==== SOURCE RECORDS

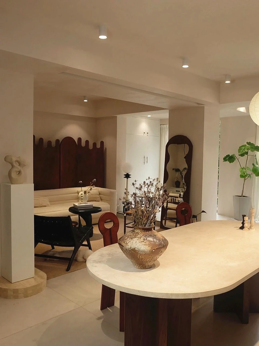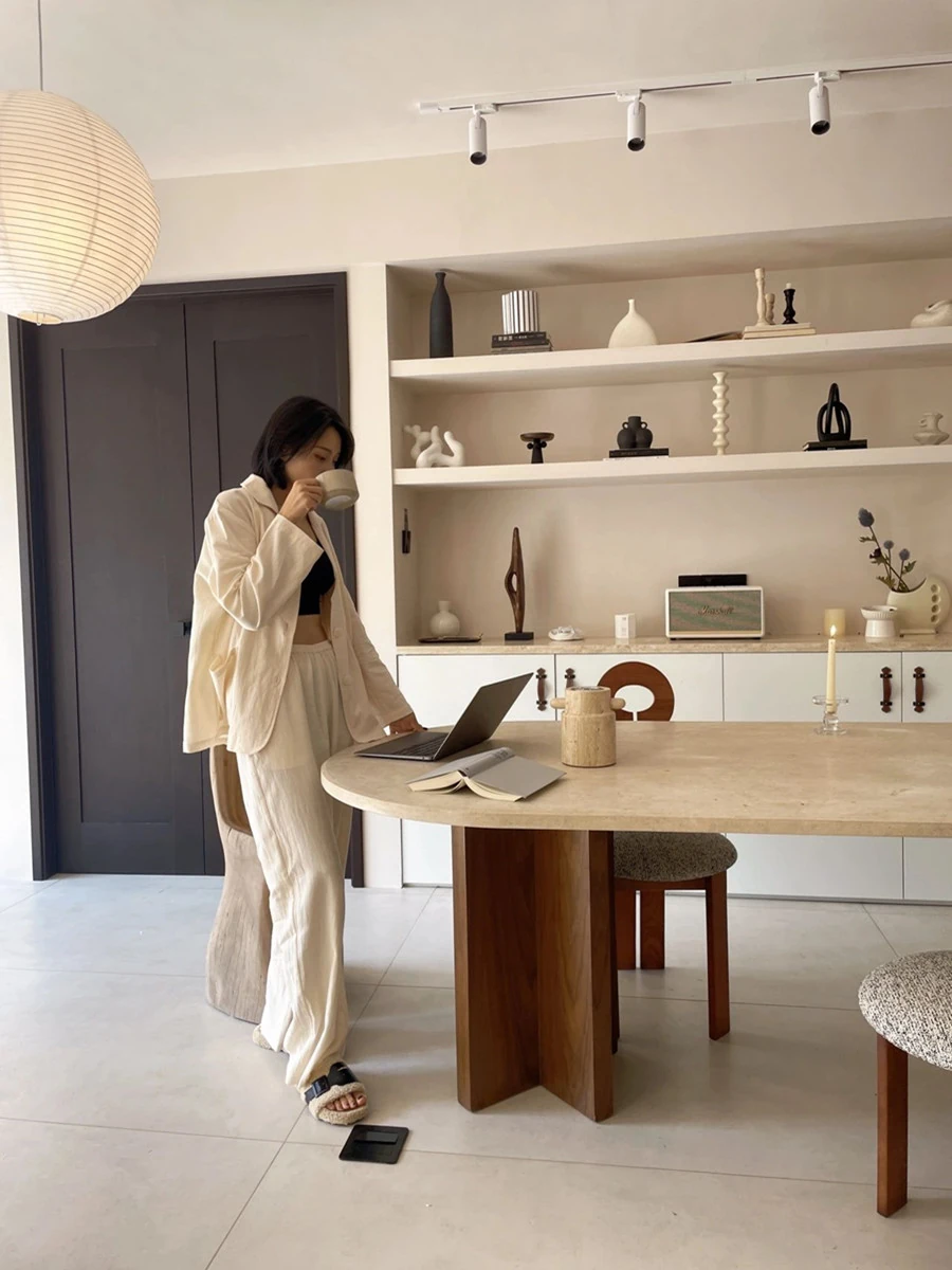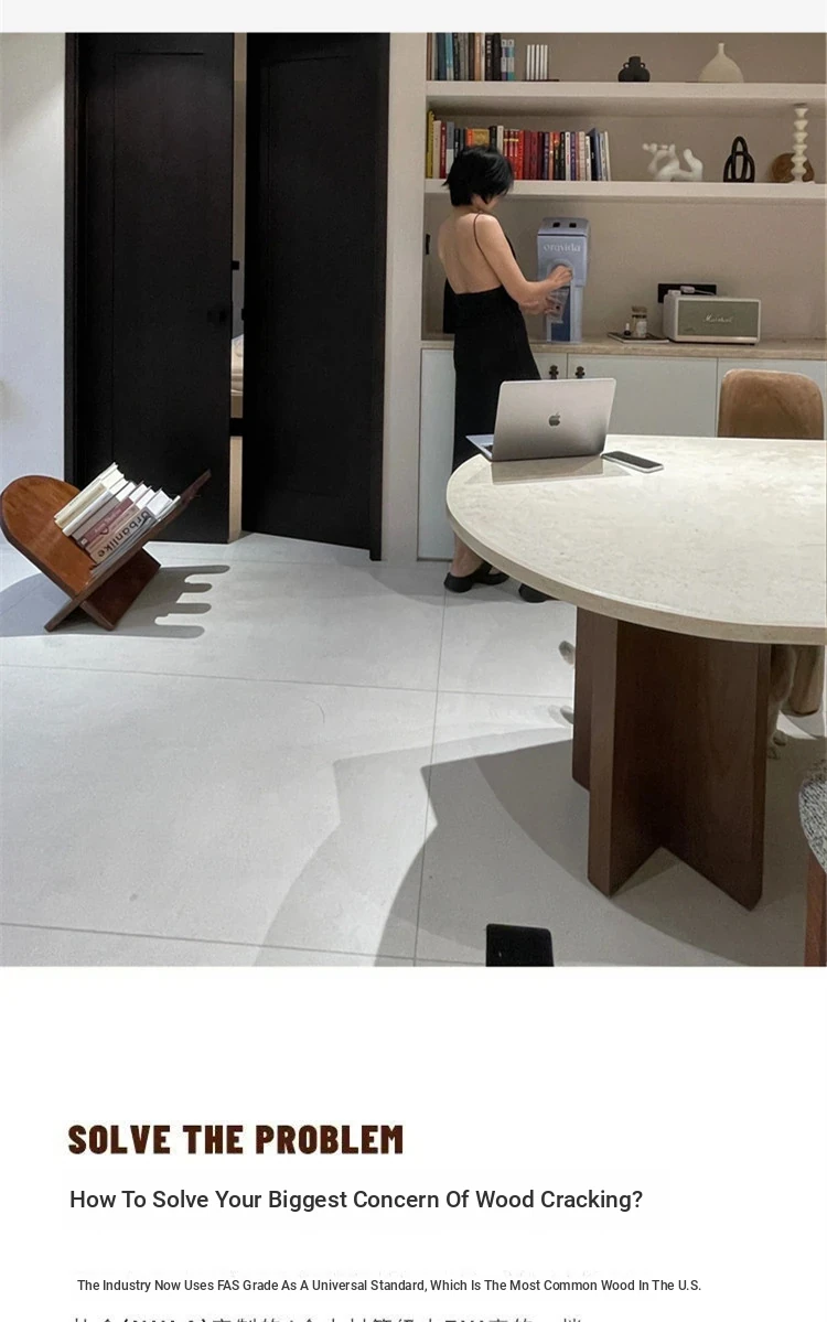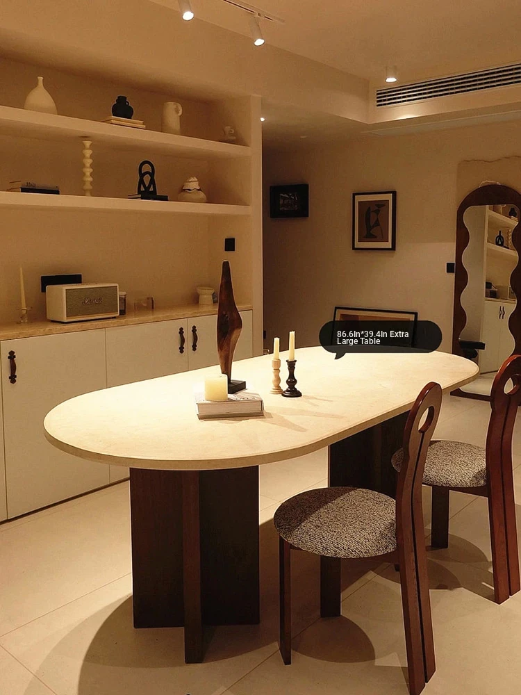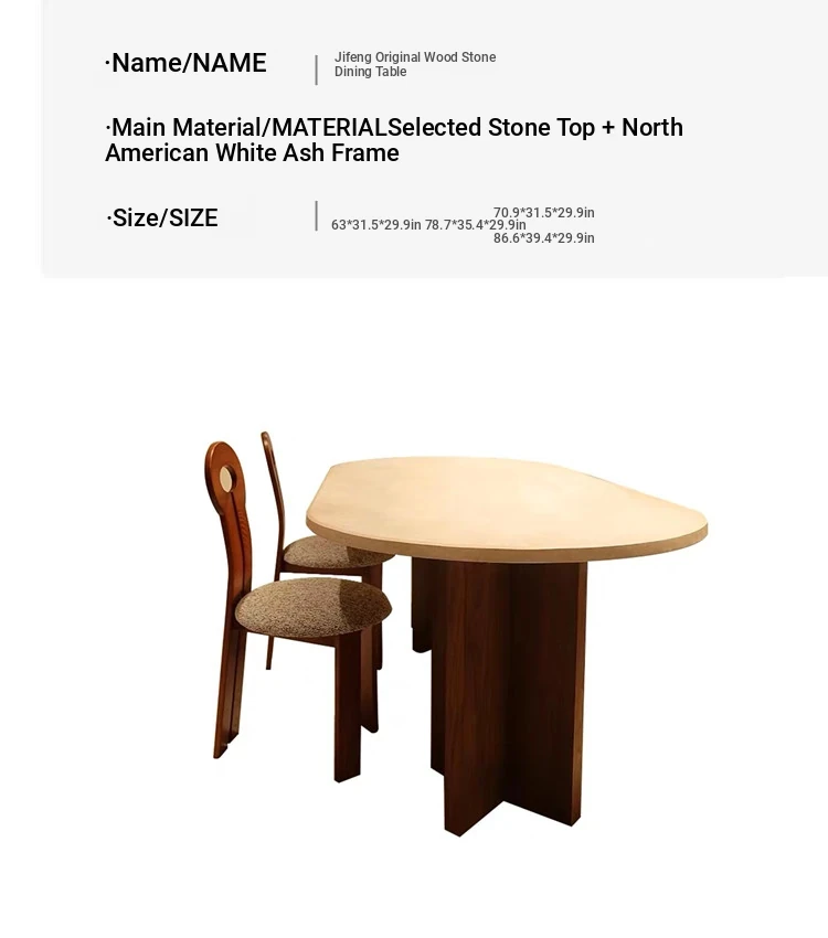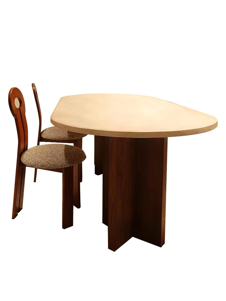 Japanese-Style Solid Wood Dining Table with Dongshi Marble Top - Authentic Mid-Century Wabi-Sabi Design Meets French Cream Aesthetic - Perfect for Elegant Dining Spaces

========
==== SOURCE RECORDS

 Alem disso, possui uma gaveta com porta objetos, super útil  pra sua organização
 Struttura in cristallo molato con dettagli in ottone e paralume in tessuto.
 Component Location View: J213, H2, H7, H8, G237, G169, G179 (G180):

========

§ WHAT THE TASK REQUIRES:
Output the lines above between the one holding "Struttura in cristallo" and the one holding "Component Location View: J213, H2, H7, H8, G237, G169, G179", inclusive, with nothing before or after them.

§ TASK OUTPUT:
 Struttura in cristallo molato con dettagli in ottone e paralume in tessuto.
 Component Location View: J213, H2, H7, H8, G237, G169, G179 (G180):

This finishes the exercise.